Graph-of-word and TW-IDF: new approach to ad hoc IR

  • Authors:
  • François Rousseau;Michalis Vazirgiannis

  • Affiliations:
  • École Polytechnique, Palaiseau, France;Athens University of Economics and Business & École Polytechnique & Télécom ParisTech, Athens, Greece

  • Venue:
  • Proceedings of the 22nd ACM international conference on Conference on information & knowledge management
  • Year:
  • 2013

Quantified Score

Hi-index 0.00

Visualization

Abstract

In this paper, we introduce novel document representation (graph-of-word) and retrieval model (TW-IDF) for ad hoc IR. Questioning the term independence assumption behind the traditional bag-of-word model, we propose a different representation of a document that captures the relationships between the terms using an unweighted directed graph of terms.
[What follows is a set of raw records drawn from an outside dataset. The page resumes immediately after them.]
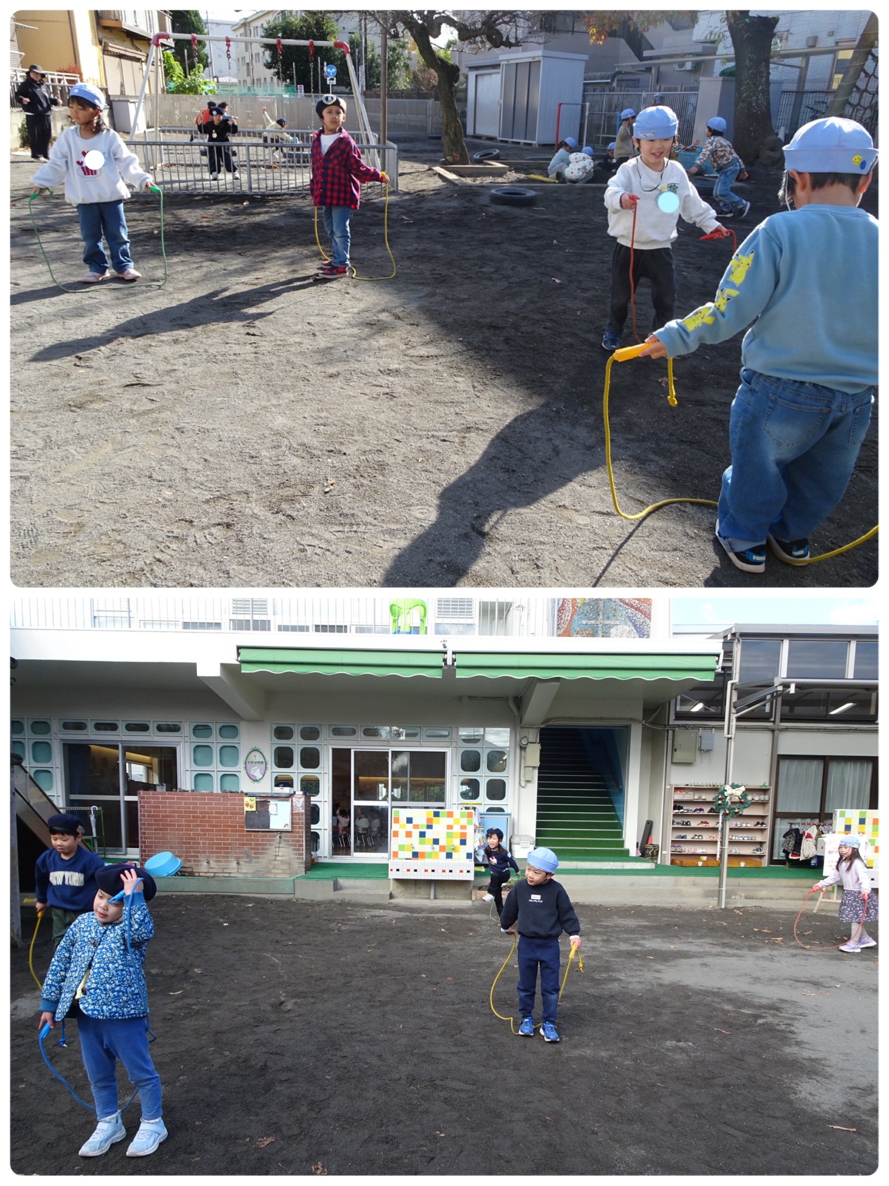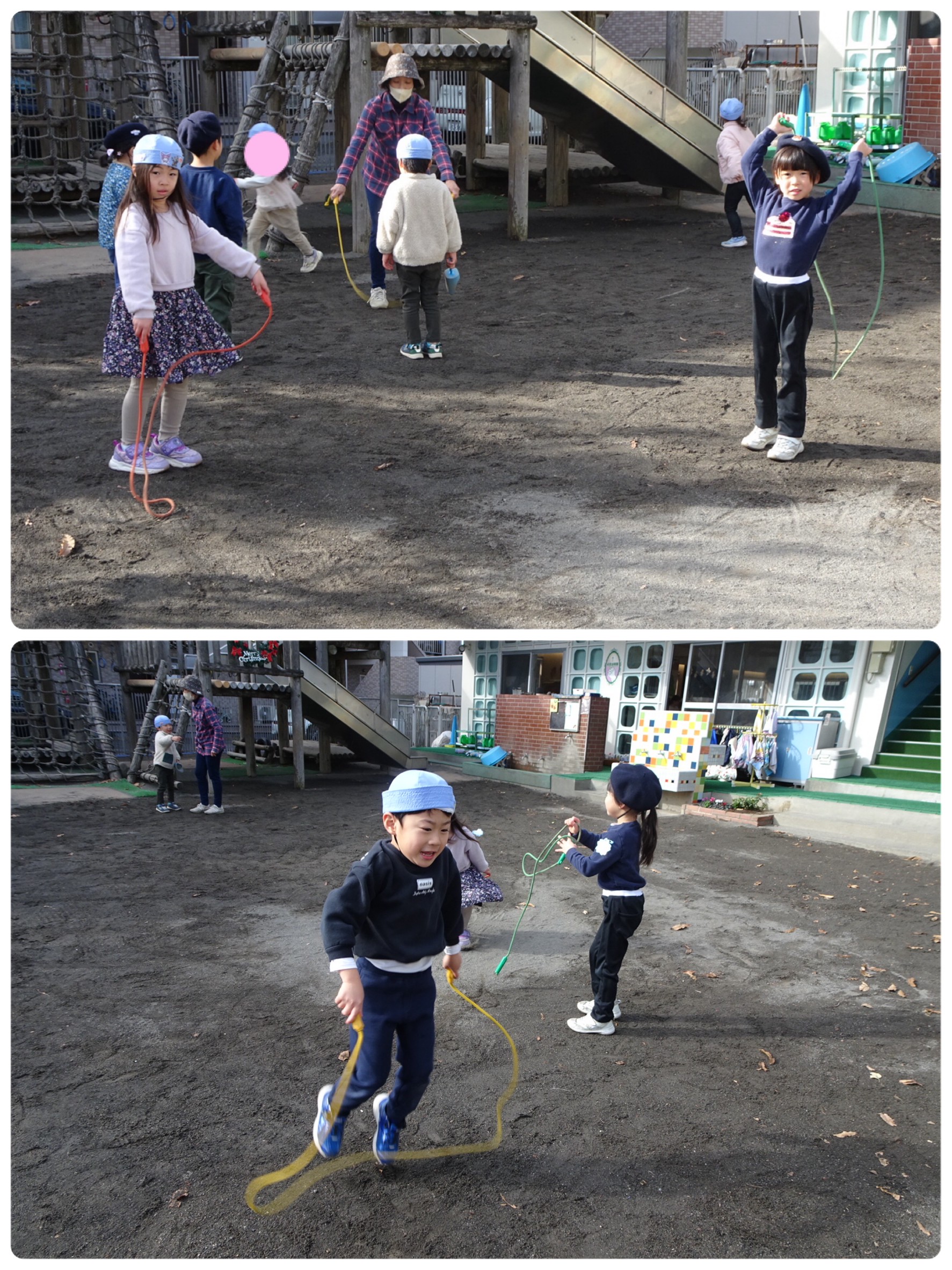 長縄跳びをする子どもたちから、「短い縄跳びでも遊びたい‼️」という声があがったので!念願の短縄跳び始めました✨ぴょんぴょん…!と連続で跳ぶ子もいれば、ぴょん!と1回1回を踏み締めて跳ぶ子もいて。まだまだ軽やかではないけれど、真剣に、ぴょん!を頑張るどんぐりさんです✨3学期にはぴょんぴょん名人が溢れてるはず✨🐰🐸✨hro
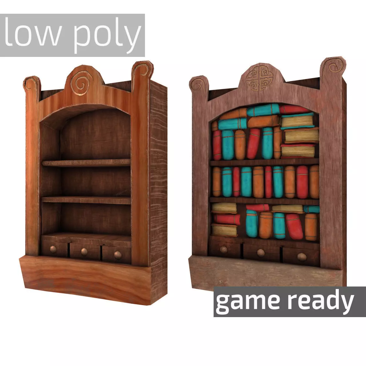 Low poly bookshelf ready for use in (mobile) games, vr or real-time renders/engines
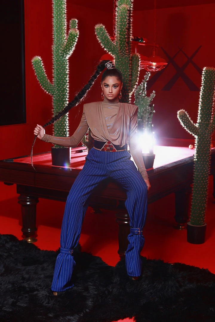 This set comes with a high neck loose ruffled shirt with long sleeves, combined with high waisted pants with a belt at the bottom that is made with triangle mirrors and little stones. The two ultimate combined colors make the perfect outfit for a night occasion for you. DRESS
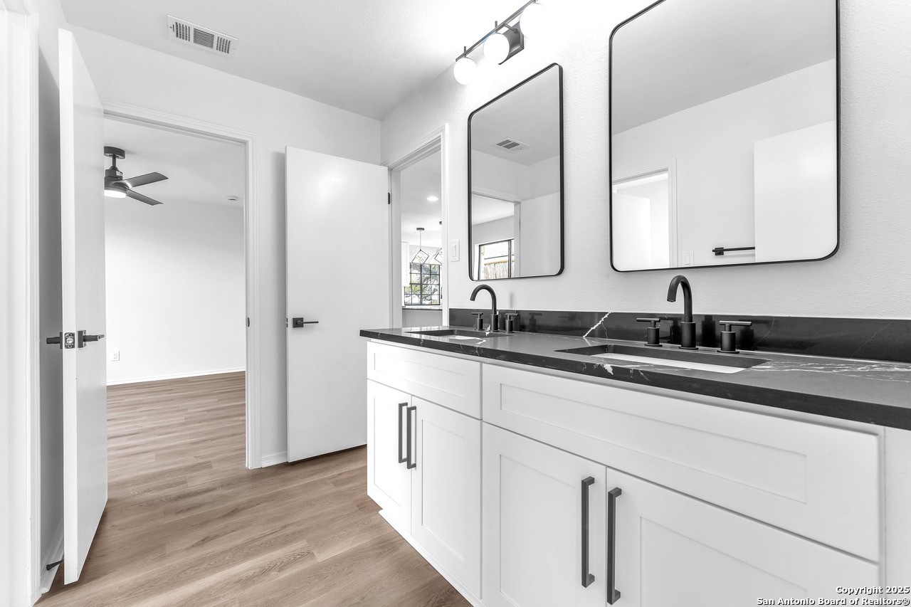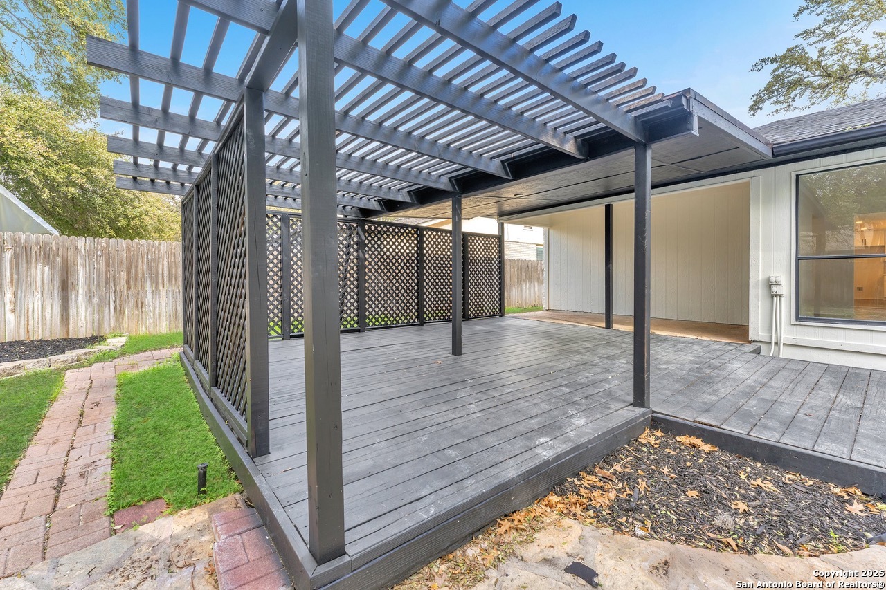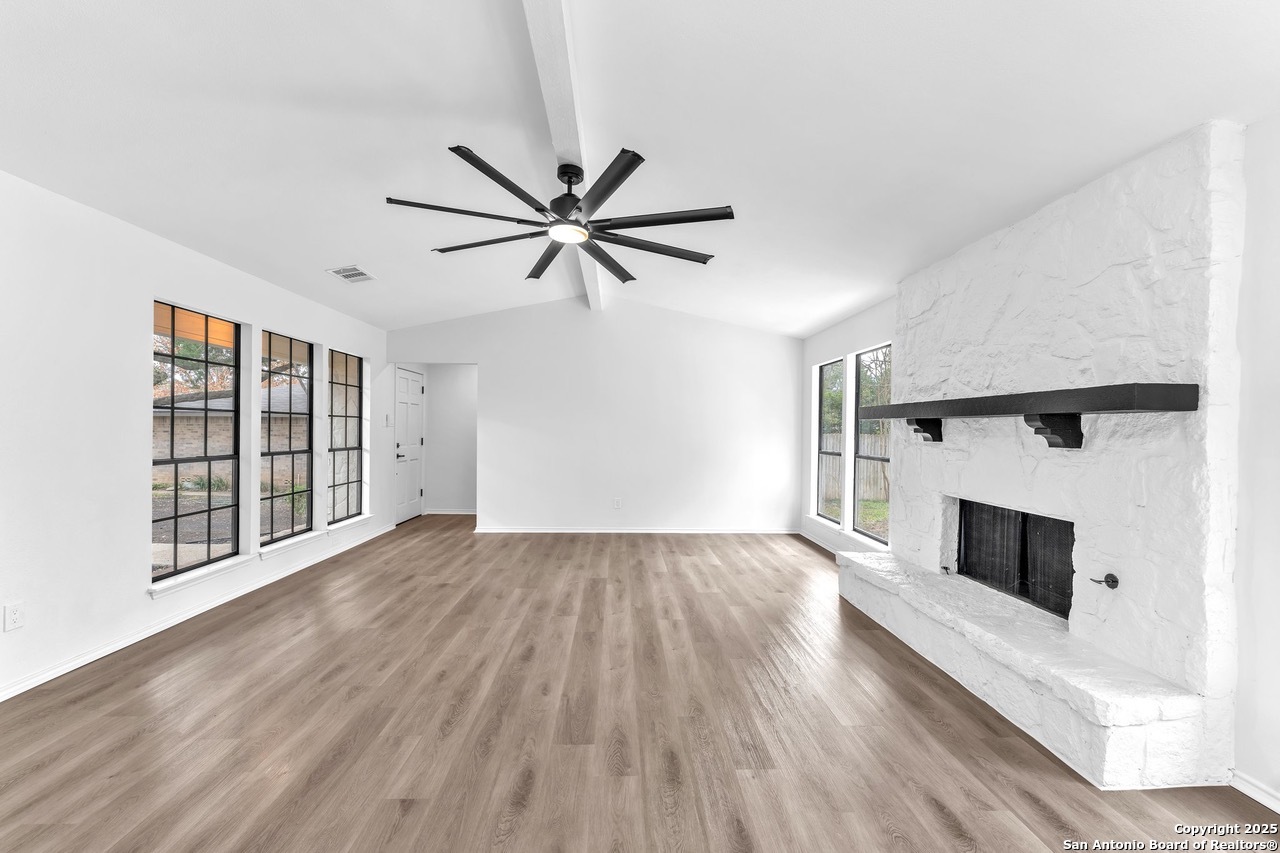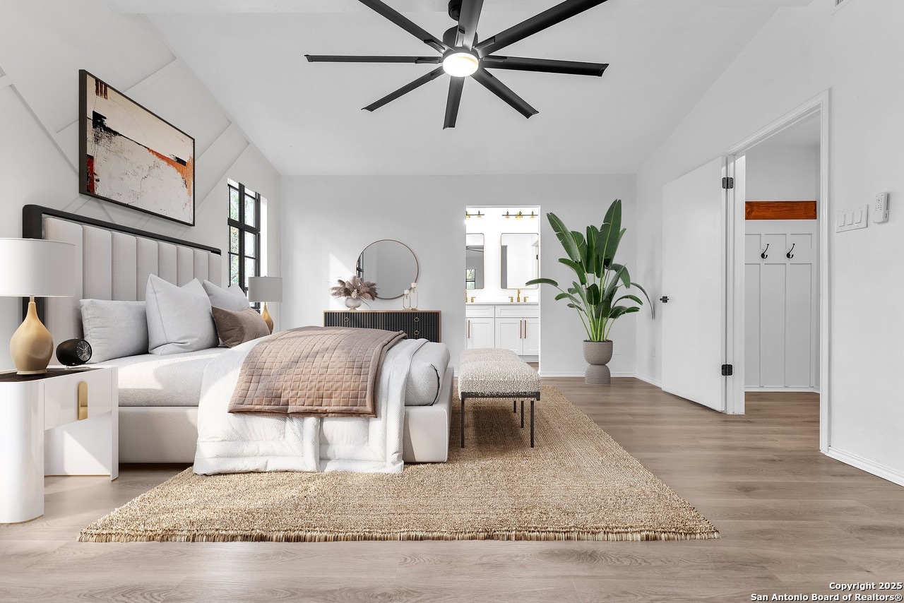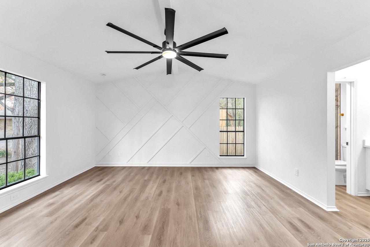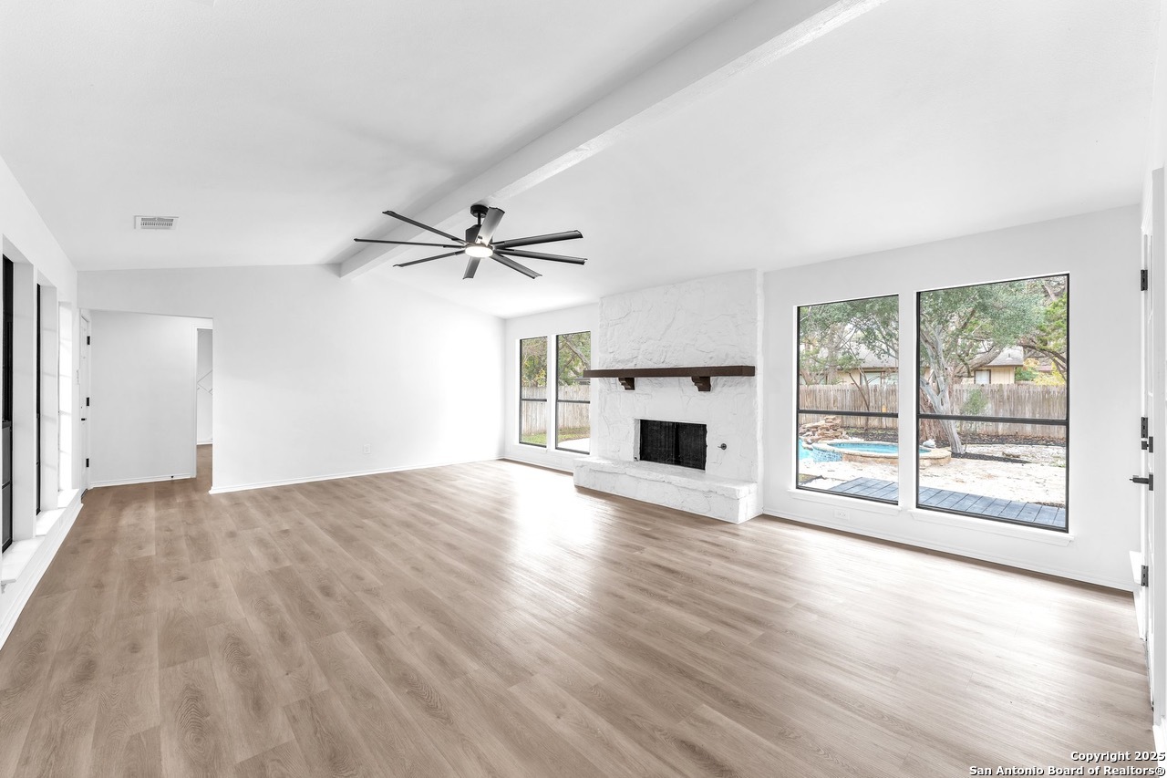Luxurious 3 bed /2 bath dream home with gorgeous in-ground pool and waterfall spa. Stunningly renovated, this modern, light-filled showcase has an open living layout with breathtaking scenic windows. Dramatic living room is the perfect entertaining space with gas fireplace and pool views. Focal point is the beautifully sleek monochromatic kitchen with large island. Kitchen features include quartz countertops, marbleized backsplash, floor to ceiling custom cabinetry, statement chandelier, and stainless-steel appliances. Relax in style in glamorous primary bedroom suite with vaulted ceiling and walk-in closet. Spa inspired bathroom has black marble tiled walk-in shower and dual vanities. Designer touches throughout home include black and gold light fixtures, black matte hardware, and oversized ceiling fans. Luxury laminate flooring throughout. Heated backyard swimming pool with waterfall spa provides a year-round oasis. Covered patio in the lush backyard is ideal for alfresco dining. Renovation improvements include new roof, electrical, plumbing, HVAC, and water heater. Conveniently located in the oak-lined, idyllic Oak Hollow neighborhood, near airport, parks, and shopping. NEISD Schools & No HOA. Fully renovated houses like this rarely come on the market in this neighborhood. Book your showing today!

From this graph, we extract at indexing time meaningful term weights (TW) that replace traditional term frequencies (TF) and from which we define a novel scoring function, namely TW-IDF, by analogy with TF-IDF. This approach leads to a retrieval model that consistently and significantly outperforms BM25 and in some cases its extension BM25+ on various standard TREC datasets. In particular, experiments show that counting the number of different contexts in which a term occurs inside a document is more effective and relevant to search than considering an overall concave term frequency in the context of ad hoc IR.